В Барбикан-центре на берегу Темзы я настолько глубоко осознала свою связь с еврейским народом, с Б-гом, со своей душой… с еврейским буквами, словами и языком, вечным языком, что, когда вышла из музея, мне понадобилось некоторое время, чтобы прийти в себя.

Я стояла там, мимо проходили люди, спешили по своим делам, светило такое приятное там солнце. У меня было столько планов и на тот день, и на следующие дни в Лондоне, но всё это было до того, как я побывала на выставке «Еврейское искусство 20-го века»…

Внешне я оставалась прежней, но внутренне для меня изменилось всё. В тот же день поменяла билет и первым самолетом вылетела в Израиль…

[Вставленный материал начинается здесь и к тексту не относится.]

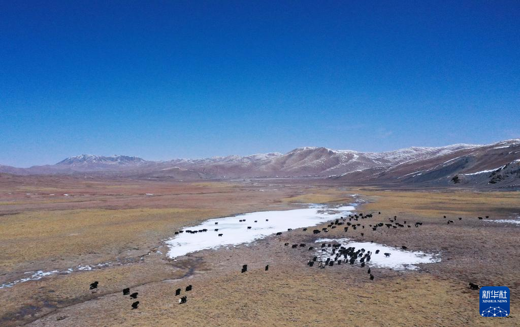 4月19日,在青海省玉樹藏族自治州曲麻萊縣,牦牛在草原上覓食(無人機(jī)照片)。
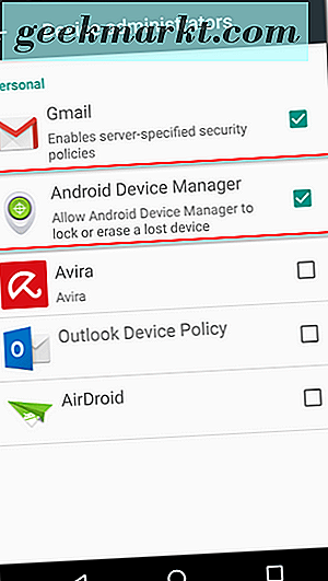 Zorg ervoor dat Android-apparaatbeheer is aangevinkt.
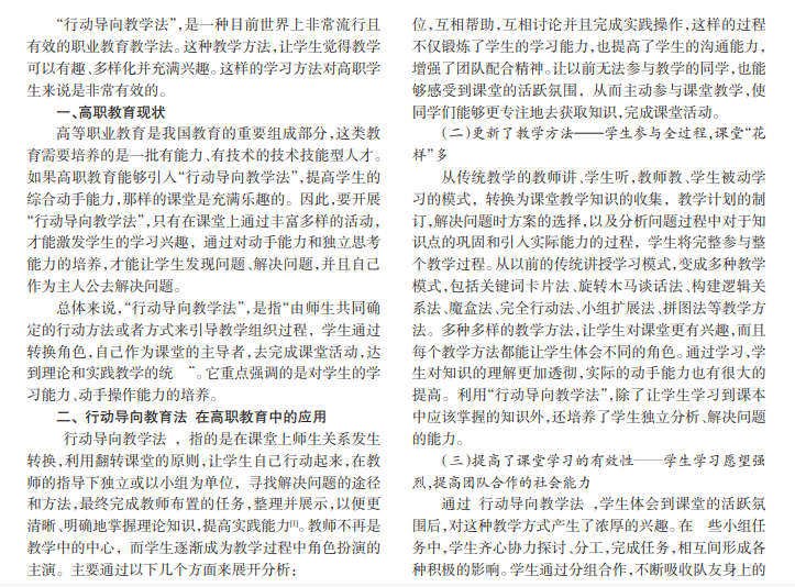 对高职教育来说,教学中如何培养和建立学生的职业行动能力是一门需要永久研究的课题。提高学生的课堂参与感,进行角色互换,是目前高职教育比较受欢迎的一种教学方法。这种教学方法,被称为“行动导向教学法”。

Я нашла Художника, Которого искала столько времени. Я и сегодня вижу Его руку — в горсти миндаля на своем столе, в луче света, проникающем сквозь оконное стекло, в котенке, играющем с опавшими листьями у меня во дворике…

Его произведения совершенны: каждое Его произведение живо… оно играет, мерцает оттенками, поражает грацией движений или формы. Я чувствую, что Б-г говорит со мной каждый миг, если я только готова открыть глаза и внутреннее зрение и — увидеть. Он говорит со всеми нами каждую минуту — меняющимися тенями и оттенками… неизменной красотой природы, силой ее воздействия на нас… вечной красотой жизни, сияющим мигом которой мы с вами являемся: каждый из нас, и вы, и я…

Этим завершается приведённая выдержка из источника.